Fraud Audit BPJS Kesehatan : Pemerintah Tidak Terbuka dalam Hasil Audit

×

Fraud Audit BPJS Kesehatan : Pemerintah Tidak Terbuka dalam Hasil Audit

Sebarkan artikel ini
IMG 20210123 WA0048 e1611379125128

OLEH : Farah Diba

(Universitas Muhammadiyah Malang)

Pemerintah dinilai perlu melakukan pembenahan defisit Badan Penyelenggara Jaminan Sosial (BPJS) Kesehatan dengan tidak hanya membebankannya kepada masyarakat melalui kenaikan iuran. Langkah pembenahan tersebut perlu mengacu kepada hasil audit BPJS Kesehatan yang sampai saat ini tidak dipublikasikan.

Menurut narasumber, Padahal di situ [hasil audit Badan Pengawasan Keuangan dan Pembangunan (BPKP) jelas disebutkan ada tindakan fraud atau kecurangan, tata kelola administrasi yang buruk, kecurangan oleh oknum rumah sakit, itu kan kita tidak pernah mendengar narasi itu dari pemerintah. Yang dibebankan kesalahan selalu warga yang tidak tertib bayar. Pemerintah kerap berdalih bahwa tindak kecurangan dalam pelaksanaan program Jaminan Kesehatan Nasional (JKN) hanya mencakup 1% dari total defisit yang pada akhir 2019 mencapai Rp15,5 triliun. Namun, dia menilai bahwa untuk membuktikan klaim tersebut, pemerintah perlu membuka hasil audit BPKP kepada publik.

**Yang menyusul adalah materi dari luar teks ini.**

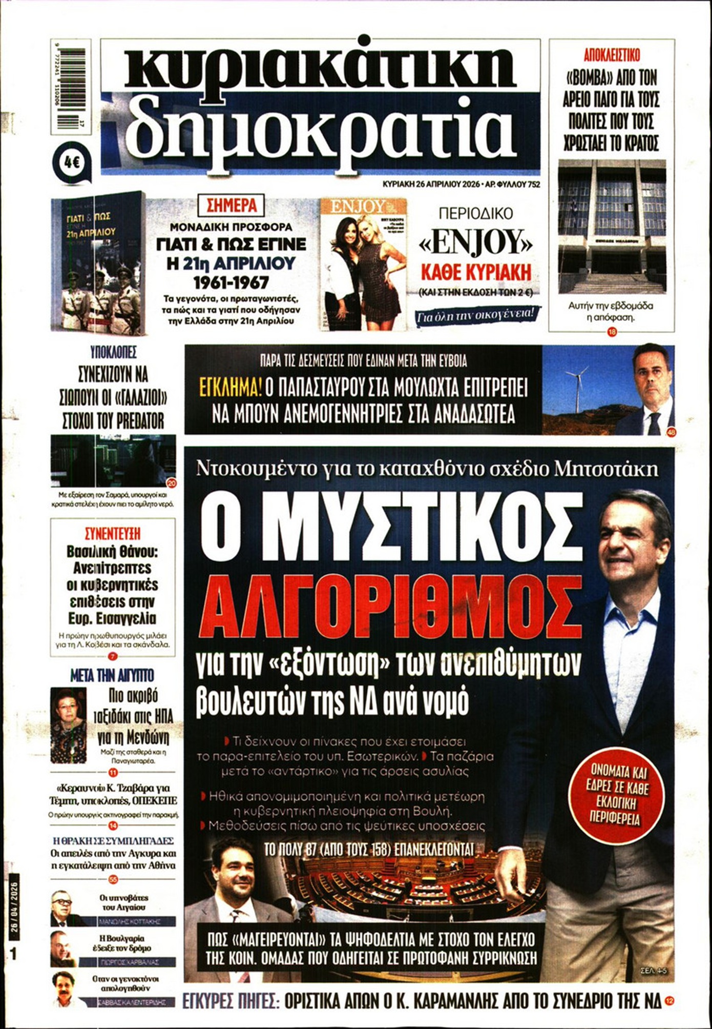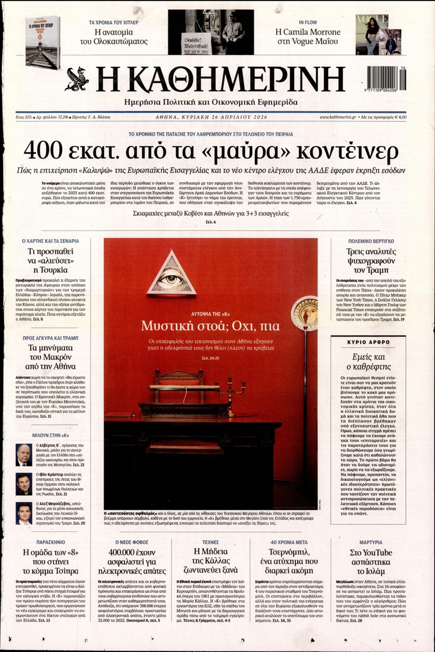 Το χρονικό της πάταξης του λαθρεμπορίου και τα 400 εκατ. από τα «μαύρα» κοντέινερ που έφεραν αύξηση εσόδων, τι προβλέπει το νέο νομοσχέδιο του Υπουργείου Ανάπτυξης για πλαφόν χρεώσεων σε δάνεια και κάρτες, αλλά και η αλλαγή του πολιτικού σκηνικού με την παρουσία των κομμάτων του Αλέξη Τσίπρα και της Μαρίας Καρυστιανού κυριαρχούν στα πρωτοσέλιδα των κυριακάτικων εφημερίδων.

Dari sinilah kita dapat melihat kinerja birokrasi di negara kita secara nyata baik dan buruknya. Pada tahun 2019 kolektabilitas iuran dari peserta PBPU hanya 63,58% atau sebesar Rp9,88 triliun dari seharusnya Rp15,55 triliun. Menurun dibandingkan tahun 2017 yang mencapai 88,65%. Penurunan ini disebabkan dari Status peserta
PBPU yang aktif hanya 16,78 juta jiwa atau 55,5% dari jumlah peserta PBPU sebanyak 30,24 juta jiwa.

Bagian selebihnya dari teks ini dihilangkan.